A new documentary coming to movie theaters in 2018 will hopefully bring at least a miniature revival of the memory of Fred Rogers, who was unique in the history of television.
The documentary, “Won’t You Be My Neighbor?,” is due to be released June 8. It gets its title from the famous question Rogers posed in the opening song he sang on “Mister Rogers’ Neighborhood.”
The documentary is about Rogers, but indications are it will also explore more general themes related to the question in the documentary’s title.
“Fred Rogers spent 50 years on children’s television beseeching us to love and to allow ourselves to be loved,” reads a description of the documentary on the Web site of Impact Partners, one of the film’s production partners.
“With television as his pulpit, he helped transform the very concept of childhood,” the description asserts. “He used puppets and play to explore the most complicated issues of the day -- race, disability, equality and tragedy. He spoke directly to children and they responded by forging a lifelong bond with him -- by the millions. And yet today his impact is unclear. ‘Won’t You Be My Neighbor?’ explores the question of whether or not we have lived up to Fred’s ideal. Are we all good neighbors?”
The documentary’s director is Morgan Neville, who won an Oscar for his 2013 documentary, “20 Feet from Stardom,” about the lives of backup singers who support music stars onstage.
Fred Rogers is a great subject for a documentary: a man whose fame was widespread due to the length and consistency of his career (“Mister Rogers’ Neighborhood” premiered nationally in the U.S. in 1968).
For all the years that his show was on PBS, he never wavered from the role of the soft-spoken neighbor, who arrived home at the beginning of every episode and invited everyone in his audience to be his neighbor.
The show ceased production in 2001, and he died in 2003. That might not seem like very long ago, but it sometimes feels as if Rogers has been largely forgotten in the intervening 14 years -- a period when the landscape of television and media moved far afield from the ideals he represented.
Compared to just about everybody else I have ever encountered in the TV business in more than 35 years of writing about it, Fred Rogers was like an alien being.
I once wrote of him, following an interview he gave in August 2001 to John Donvan on ABC’s “Nightline,” that “his statements about television and its capabilities and promise, its potential to ‘nourish the human family’ [his words] were so rare and unusual that they may as well have been uttered by a Martian who’d just arrived with no understanding of the planet earth.”

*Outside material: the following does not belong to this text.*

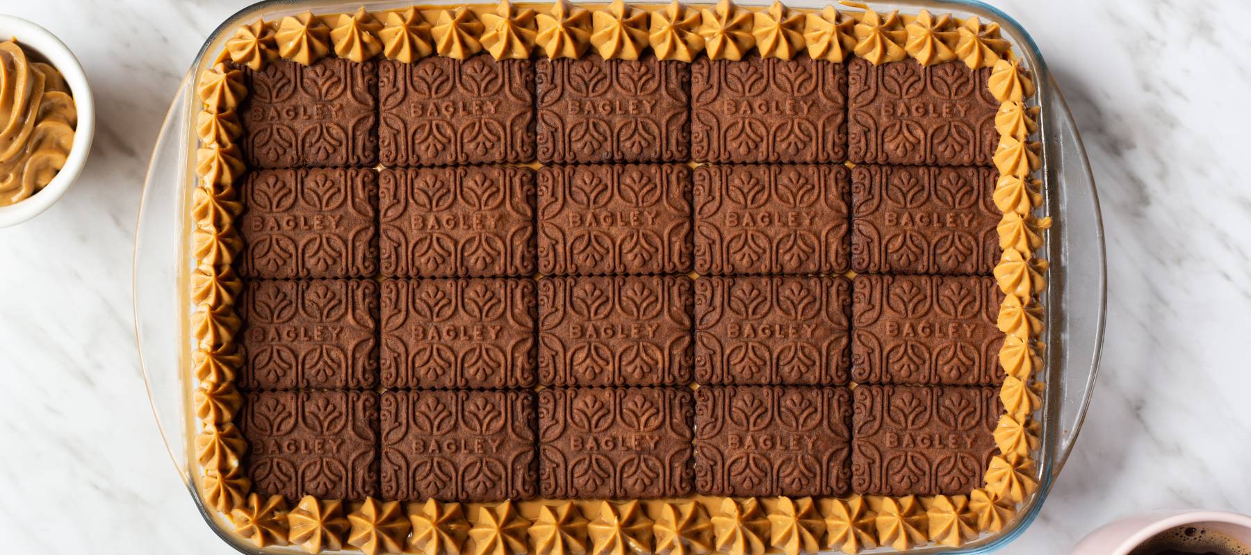 La receta original de Mabragaña indicaba embeber las galletas en Oporto y utilizar para la mezcla de relleno partes iguales de dulce de leche y Mendicrim. Como toda receta, se ha ido adaptando a las particularidades de cada hogar y es común ver que se intercambie el Oporto por leche, leche con cacao, café o café con un poquito de licor. En esta receta en concreto, hemos optado por el café pero puedes intercambiarlo por cualquiera de las otras opciones. Respecto al queso, cabe decir que en España no existe algo similar al Mendicrim, por lo que tenemos que utilizar uno más consistente estilo Philadelphia. El batido es algo más costoso pero no varía significativamente en cuanto a sabor, aunque también es válido rebajarlo con un poco de leche, nata o mascarpone.

Here’s part of what he said on “Nightline” that night: “Those of us who are the producers and purveyors of television are servants of the people. And if those who sponsor programs and those who sit on boards of directors of [companies] that own networks, if they would simply watch what’s on their air and say to themselves, ‘Do I want my family watching this?’ I think that the ... climate would change and the landscape of television could be what it’s meant to be, and that is a landscape of nourishment for the human family.”

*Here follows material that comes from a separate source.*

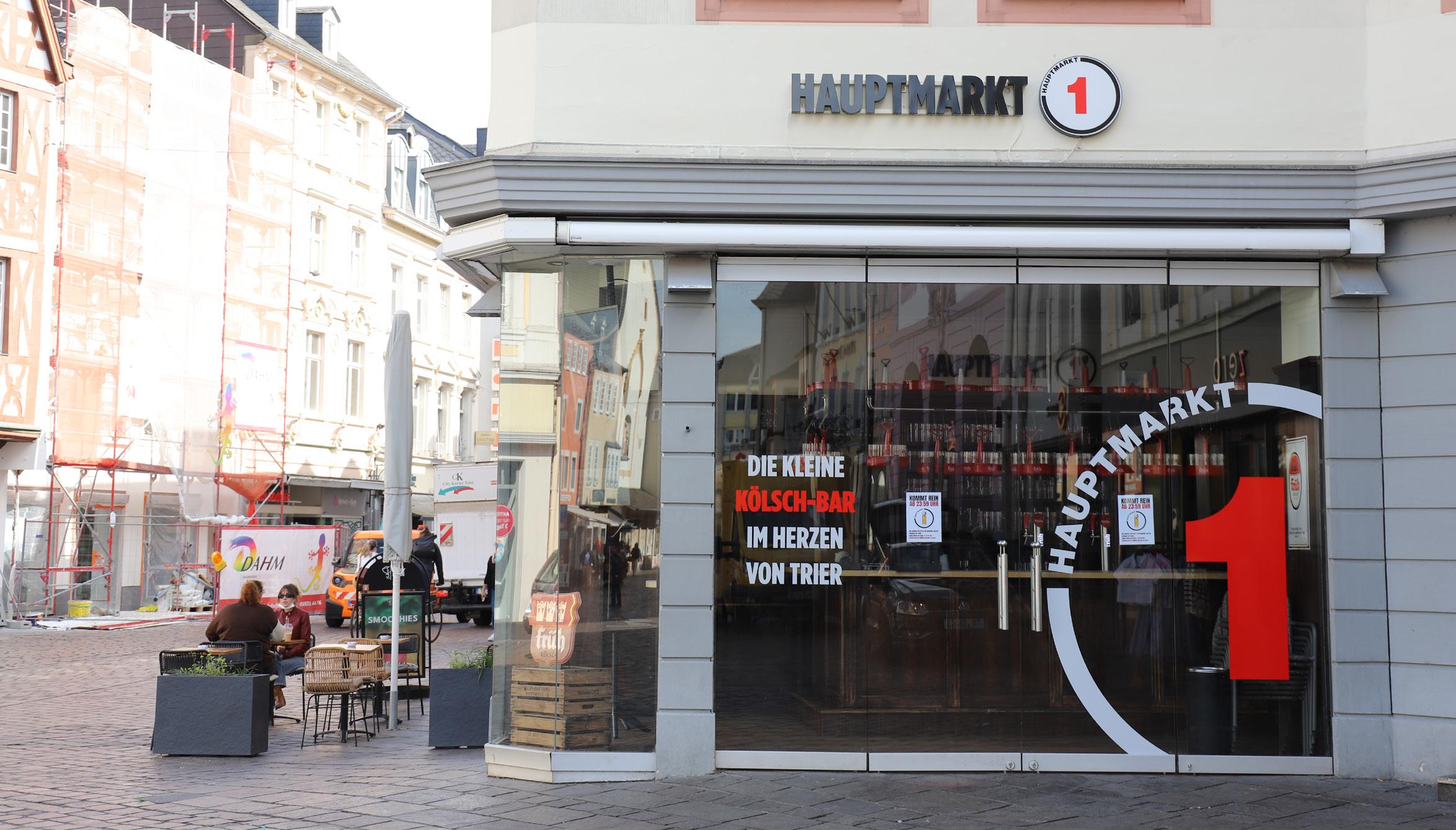 den Stehmöglichkeiten draußen und im Lokal selbst auch einige Sitzmöglichkeiten, wenn man es sich direkt an der Theke gemütlich machen möchte. Die Betreiber des Lokals sind in Trier keine Unbekannten, ihnen gehört auch das Früh bis spät in der Glockenstraße. Geöffnet hat die Hauptmarkt 1 ab sofort montags bis sonntags von 11 bis 23 Uhr.

Elsewhere in the “Nightline” interview, Mister Rogers referred to the space between a TV screen and a child as “holy ground.” He believed that TV was “a holy enterprise” capable of performing miracles. Far from expressing cynicism about television, this highly educated, ordained minister regarded television as “a mysterious wonder.”

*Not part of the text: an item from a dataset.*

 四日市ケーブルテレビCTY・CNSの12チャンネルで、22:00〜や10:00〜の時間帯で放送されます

“Today his impact is unclear,” suggests the promotional copy about the Fred Rogers documentary. It’s an interesting hypothesis, and I look forward to seeing how it is explored in the film.
“A landscape of nourishment for the human family”? We shouldn't hold our breath waiting for that to happen. However, we can still thank heaven we once had a TV personality like Fred Rogers in our midst -- someone who was courageous enough to pose the challenge anyway.